# Old Browning A5 Woes, Need Expert Council



## tad1 (May 7, 2014)

I have an older ~1920 or so A5 in 16 ga. I recently went through the gun and replaced all the springs and friction ring components with factory new parts. Took the gun to the range and fired it with some 1oz remington game loads (medium loads) with the gun set for heavy loads and it worked ok although the shells wouldn't always eject. So I set the friction rings for light setting and the first time I fired the gun It hurt my trigger finger a bit and the trigger wouldn't reset, like it wouldn't recock or fire again. So I took the gun apart went through it and didn't notice anything suspicious. The trigger started working again although after shooting a few shells the same thing happened with the trigger again. I noticed however that If I slightly loosened the magazine cap screw the trigger would reset and fire again for a few times. However If I back it off too far(forearm too loose), the firing pin won't strike the primer at all.
Im at a loss of what to do, has anyone experienced this with A5s?
Thanks, 
JT


----------



## SC Hunter (May 7, 2014)

Somewhere in your assembly isn't matching up correctly. Or there may be a friction ring problem. Im interested to see what some others say about this issue..


----------



## hayseed_theology (May 7, 2014)

"The Auto 5 positively re-sets the first half of the trigger return stroke using a pair of opposing hooks - one on the hammer, one on the trigger. Instead of waiting for the fairly passive action of a re-set spring, that hook on the hammer claws the trigger ahead as the hammer re-sets, slapping your finger out of the way if you're too slow letting go. You still need to let go of the trigger for it to fully re-set, but the first half of the process is done mechanically. (Think of it like using solid lifters instead of spring lifters on a car engine.)" - Patrick Kelley in November 2001 issue of _Front Sight_ magazine

Rest of the article available here:  http://www.winchesterguns.com/library/articles/detail.asp?id=72


----------



## tad1 (May 7, 2014)

Hayseed,  sorry but I'm not sure what point you're trying to make.
                      JT


----------



## hayseed_theology (May 7, 2014)

tad1 said:


> Hayseed,  sorry but I'm not sure what point you're trying to make.
> JT



I am not expert on the A5, so I quoted an expert.   I will try to explain the point I was making through Patrick Kelley.



tad1 said:


> the first time I fired the gun It hurt my trigger finger a bit and the trigger wouldn't reset, like it wouldn't recock or fire again.





hayseed_theology said:


> slapping your finger out of the way if you're too slow letting go



Most guns have a spring that resets the trigger.  The A5 has a mechanical reset.  The action is recoil operated, so the speed of the action is a function of the recoil and how you have the springs set up(as you know).  If you have it set up for light loads and are shooting medium loads, the action is going to be operating pretty fast and hard.  As the bolt cocks the hammer, a hook on the hammer engages a hook on the trigger and resets it.  If your loads are too heavy for the spring set up, this reset may be harsh.  If you don't let off the trigger in time, the trigger will slap your finger hard enough to make it sting.  Your finger my also prevent the trigger from resetting fully if you experience that.

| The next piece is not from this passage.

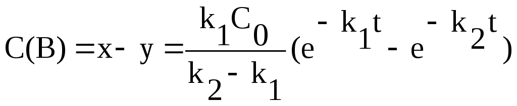 концентрация вещества B проходит через максимум, время достижения этого максимума определяется соотношением констант k1 и k2 и не зависит от концентрации С0 вещества А; скорость изменения концентрации вещества B сначала уменьшается до нуля, затем скорость его превращения сначала возрастает, а затем постепенно уменьшается;
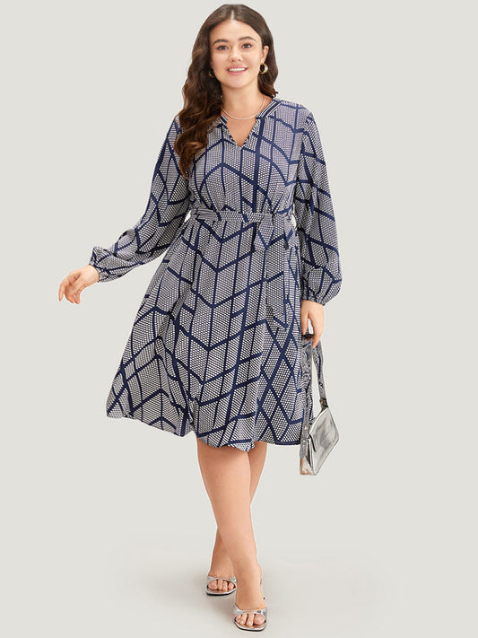 Polka Dot Geometric Belted Lantern Sleeve Dress

Like I said, I am no A5 expert.  That's what it sounds like to me.  One of the experts might come along and correct me on that.


----------



## Swamperdog (May 7, 2014)

I have a Belgium Browning A5 12 gauge Magnum made in the early '70s.  it is really persnickity with how you put the rings back on after cleaning.  I would bet the early guns need to have those parts fitted by a gunsmith if you bought factory new parts.  Did you save the old parts?  I'm not a gunsmith but it wouldn't surprise me if the early guns were not all exactly the same as far as clearances, etc.

-Swamperdog


----------



## tommyjoe (May 8, 2014)

Most of pre ww2 16ga A5 were chambered for 2 9/16 shells. If yours
has not been modified to shoot 2 3/4 there lies your problem.
Tom


----------



## tad1 (May 8, 2014)

Bingo tommy joe!  I assumed that both barrels were modified for 2&3/4" but only one of the two was stamped as converted over.  Just finished looking then over more closely and one is 2&9/16


----------